# British Workman



## trevor page (Feb 23, 2006)

Hi Guys, i'm busy doing my journal on the time I spent at sea in the 60s and 70s, i'm up to Br Workman, many trips to Scandinavia, would anyone have any info on her, ie where built and when and where and when broken up.
Many thanks in advance. Trevor.


----------



## John_F (May 12, 2005)

Trevor, 
There are several photos of her in the Tanker Gallery, one of her under construction at Harland & Wolff. She was completed by them on March 24th 1949. She spent her entire life with BP & I think that I'm right in saying she was the longest surviving 12,000 tonner. She was eventually sold for demolition in May 1967 so she did very well as the 12s had a hard working life. Did you know Brian Bulmer who was a 3/0 on her about 1963-4?
Kind regards,
John F.


----------



## trevor page (Feb 23, 2006)

Thanks a lot John, was on the Workman in 66,also on the Trust, Gannet, Valour, Hazel,and the Queen, when she had the fire in the Gulf 31/3/65. 
Went on to work for New zealand Shipping and Silver Line among others.

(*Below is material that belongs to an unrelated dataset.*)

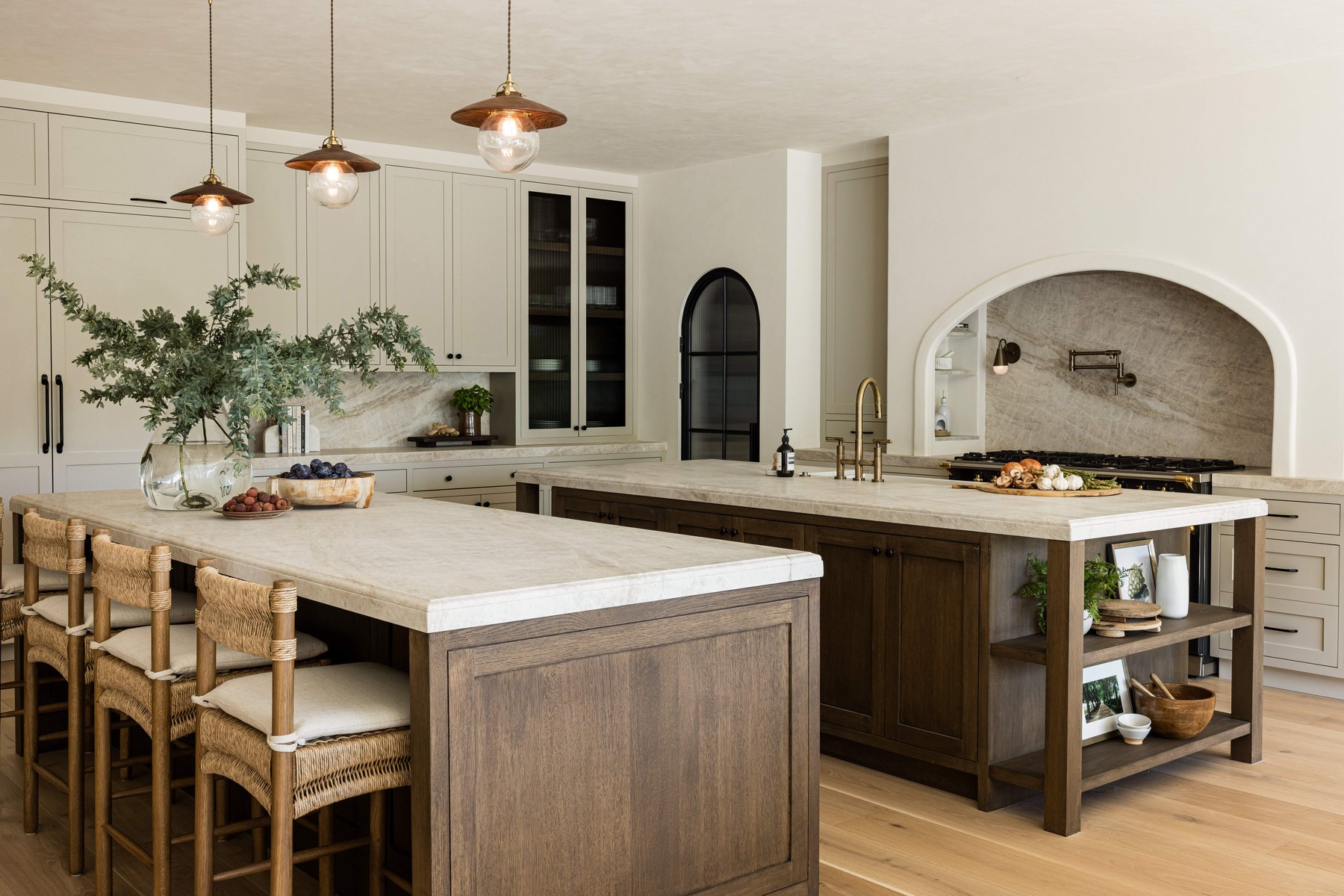 The cabinetry is finished in a soft, creamy hue, grounding the kitchen in calm neutrality. Against this backdrop, stained oak islands offer warmth and dimension, celebrating the natural texture of wood and bringing an organic richness that ties the space to the broader material palette of the home.

BP the best employer by far. Trevor


----------



## John_F (May 12, 2005)

Trevor,
Small world - I also served on the Queen (Senior Apprentice, 1 trip) then the Gannet (as Uncert. 3/0). The Trust was my last vessel with BP before leaving the sea for good. All of them were very comfortable vessels for their time as well as being good lookers!
I have a newspaper cutting of the fire aboard the Queen, I think taken from the Daily Telegraph. If you want a copy of this let me know.
Kind regards,
John.


----------



## trevor page (Feb 23, 2006)

Newspaper Cutting Would Be Great.


----------



## dave beaumont (Jul 2, 2005)

Trevor, do you no of the story of the workman being repainted British Workhouse? Can you shed a bit of imfo on this. Dave


----------



## trevor page (Feb 23, 2006)

Hi Dave, that story has been doing the rounds for 40 years that I know, whether theres any truth to it who's to say. Regards Trevor


----------



## James_C (Feb 17, 2005)

The name change took place whilst the ship was at anchor in Suez waiting for a convoy North, and wasn't noticed until the ship was alongside in the Isle of Pain.
I understand the Old Man DR'd the entire deck crowd!
Similar thing happened to the old British Queen, no prizes for guessing what she became...

LOL

(Hippy)


----------



## Tmac1720 (Jun 24, 2005)

British Workman built by Harland and Wolff at their Govan shipyard. Yard number 1379G launched 16th November 1948 delivered 24th March 1949 8575 gross tons for British Tanker Company. Sister was British Mariner yard number 1378G.


----------



## barryg153 (Aug 13, 2007)

I sailed out of Swansea on my first trip as a galley boy, fresh out of the Vindi,in August 1958, went to Amsterdam, Malmo and Helsenburg.I was told that the name was changed in the Suez, so the story if true took place before then


----------



## price (Feb 2, 2006)

I spent 9 months on the 'British Workman' 1956/7, joining in Falmouth just before the Suez crisis. in that time we only did three voyages, (Falmouth,around the Cape to Bandar Mashur and back around to Haifa.).(Port Augusta to Venice and Trieste) and back around the cape again to (Bandar Mashur for Swansea). On the long sea passages we had to launder our own bed linen, everybody was issued with 2 bottles of Byprox for the purpose of. Capt. H.J. Sadler was master and Mr. Houghton was Ch/Off.
Cheers Bruce.


----------



## R58484956 (Apr 19, 2004)

MV British Workman 8575 tons Built 1949. 470.4 x 61.8 x 33.8. one 6 cylinder diesel 29 1/2" x 59 9/16ths by the shipbuilders as mentioned above. 2 double ended boilers @ 150 psi. DF,ESD, GyC, Radar. Code flags GFDQ. Registered london ,British flag. 1 Deck, 2nd deck clear of cargo tanks. Cruiser stern. Owned by BTC.


----------



## krobins1 (Oct 12, 2014)

*Father was Master of this ship*

My Father, Stanford Robinson, was Captain of the British Workman during the 60s. I remember we dry docked in Newcastle I think where a section was added the the funnel in order to make it a Turbo I think.This made the sound of the engine "chug" and sounded different to other ships. 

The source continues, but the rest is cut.